* TASK DETAILS
Go to the line in the entries below that holds "活动期间,可购买超优折扣每日" and repeat exactly from there through the line that holds "KPU Kabupaten Sekadau", inclusive.

* SOURCE MATERIAL

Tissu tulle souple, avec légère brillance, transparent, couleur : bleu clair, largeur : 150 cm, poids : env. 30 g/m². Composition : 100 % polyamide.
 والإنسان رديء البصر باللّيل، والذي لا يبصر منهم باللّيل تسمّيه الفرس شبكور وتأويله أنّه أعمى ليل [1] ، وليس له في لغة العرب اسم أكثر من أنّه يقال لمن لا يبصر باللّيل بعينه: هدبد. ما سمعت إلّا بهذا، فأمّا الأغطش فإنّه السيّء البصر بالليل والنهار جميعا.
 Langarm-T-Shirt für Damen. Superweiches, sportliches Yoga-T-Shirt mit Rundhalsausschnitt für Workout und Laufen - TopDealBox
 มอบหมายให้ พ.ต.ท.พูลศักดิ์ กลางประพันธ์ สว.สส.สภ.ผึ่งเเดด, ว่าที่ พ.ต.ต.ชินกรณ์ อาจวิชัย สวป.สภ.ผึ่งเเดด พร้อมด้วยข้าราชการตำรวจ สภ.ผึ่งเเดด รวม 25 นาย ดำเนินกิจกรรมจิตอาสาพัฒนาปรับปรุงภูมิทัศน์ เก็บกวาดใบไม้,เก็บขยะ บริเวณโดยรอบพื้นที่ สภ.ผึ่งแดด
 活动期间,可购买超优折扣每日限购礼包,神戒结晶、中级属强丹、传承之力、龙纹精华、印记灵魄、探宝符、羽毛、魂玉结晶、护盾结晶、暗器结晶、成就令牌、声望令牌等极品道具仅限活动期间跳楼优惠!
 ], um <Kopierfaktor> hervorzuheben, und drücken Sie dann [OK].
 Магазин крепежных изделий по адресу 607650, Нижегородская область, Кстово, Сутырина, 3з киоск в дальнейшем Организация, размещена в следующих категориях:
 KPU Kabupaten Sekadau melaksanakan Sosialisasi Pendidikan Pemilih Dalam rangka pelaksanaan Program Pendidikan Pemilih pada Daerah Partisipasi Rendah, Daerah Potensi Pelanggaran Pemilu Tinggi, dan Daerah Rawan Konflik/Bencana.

...

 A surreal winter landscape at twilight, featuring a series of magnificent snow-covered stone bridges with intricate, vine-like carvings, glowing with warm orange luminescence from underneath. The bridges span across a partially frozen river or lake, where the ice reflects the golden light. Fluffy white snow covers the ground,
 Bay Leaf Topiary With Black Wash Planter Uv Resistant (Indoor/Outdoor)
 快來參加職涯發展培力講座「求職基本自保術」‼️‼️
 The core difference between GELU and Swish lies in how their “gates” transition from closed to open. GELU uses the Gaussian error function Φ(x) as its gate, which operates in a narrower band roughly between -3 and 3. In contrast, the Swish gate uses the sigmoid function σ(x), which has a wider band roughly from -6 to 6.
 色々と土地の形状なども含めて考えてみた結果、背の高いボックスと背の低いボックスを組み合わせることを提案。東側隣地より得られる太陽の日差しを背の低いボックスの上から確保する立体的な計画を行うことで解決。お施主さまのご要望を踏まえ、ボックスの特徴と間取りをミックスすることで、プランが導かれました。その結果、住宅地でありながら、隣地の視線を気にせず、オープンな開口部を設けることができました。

--

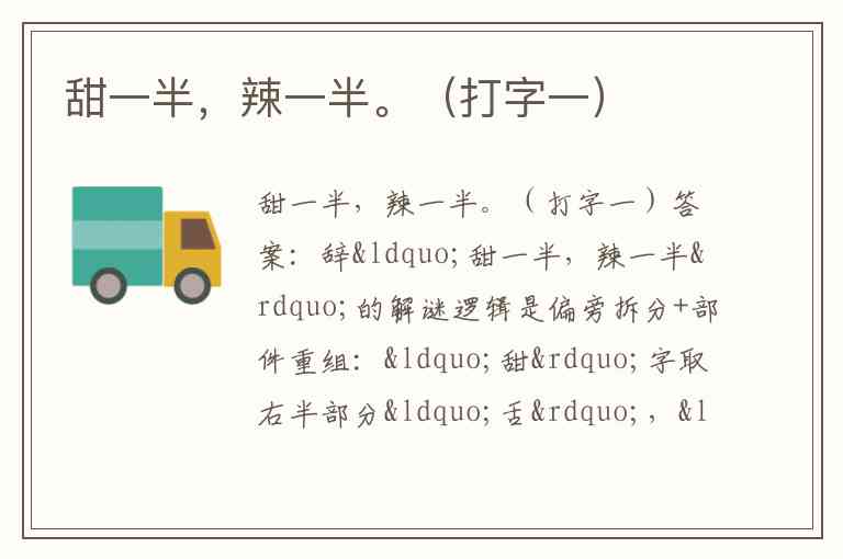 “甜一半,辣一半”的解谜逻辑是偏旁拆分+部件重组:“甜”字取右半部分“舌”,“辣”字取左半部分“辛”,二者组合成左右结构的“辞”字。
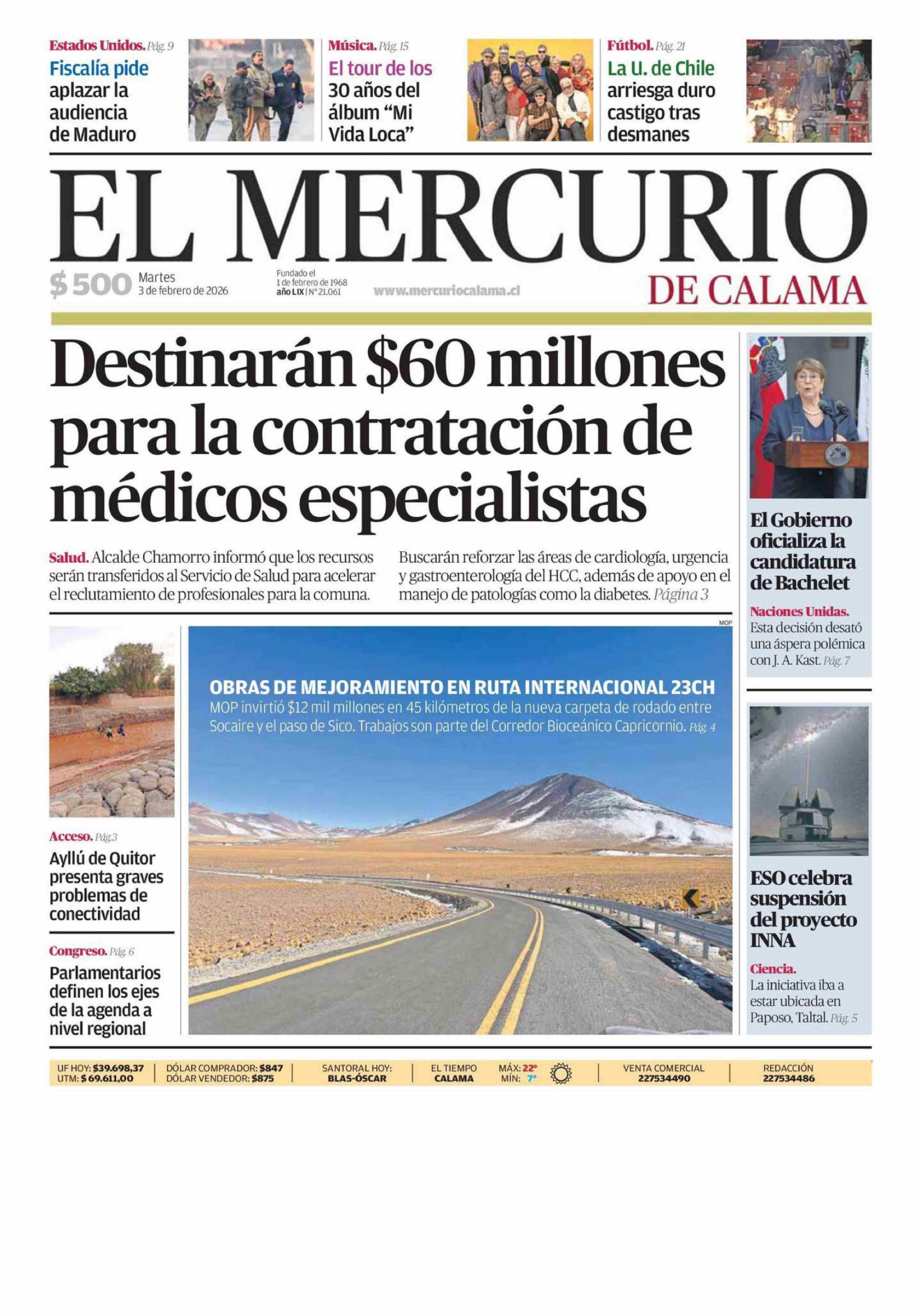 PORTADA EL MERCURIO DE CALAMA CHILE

* ANSWER BELOW
 活动期间,可购买超优折扣每日限购礼包,神戒结晶、中级属强丹、传承之力、龙纹精华、印记灵魄、探宝符、羽毛、魂玉结晶、护盾结晶、暗器结晶、成就令牌、声望令牌等极品道具仅限活动期间跳楼优惠!
 ], um <Kopierfaktor> hervorzuheben, und drücken Sie dann [OK].
 Магазин крепежных изделий по адресу 607650, Нижегородская область, Кстово, Сутырина, 3з киоск в дальнейшем Организация, размещена в следующих категориях:
 KPU Kabupaten Sekadau melaksanakan Sosialisasi Pendidikan Pemilih Dalam rangka pelaksanaan Program Pendidikan Pemilih pada Daerah Partisipasi Rendah, Daerah Potensi Pelanggaran Pemilu Tinggi, dan Daerah Rawan Konflik/Bencana.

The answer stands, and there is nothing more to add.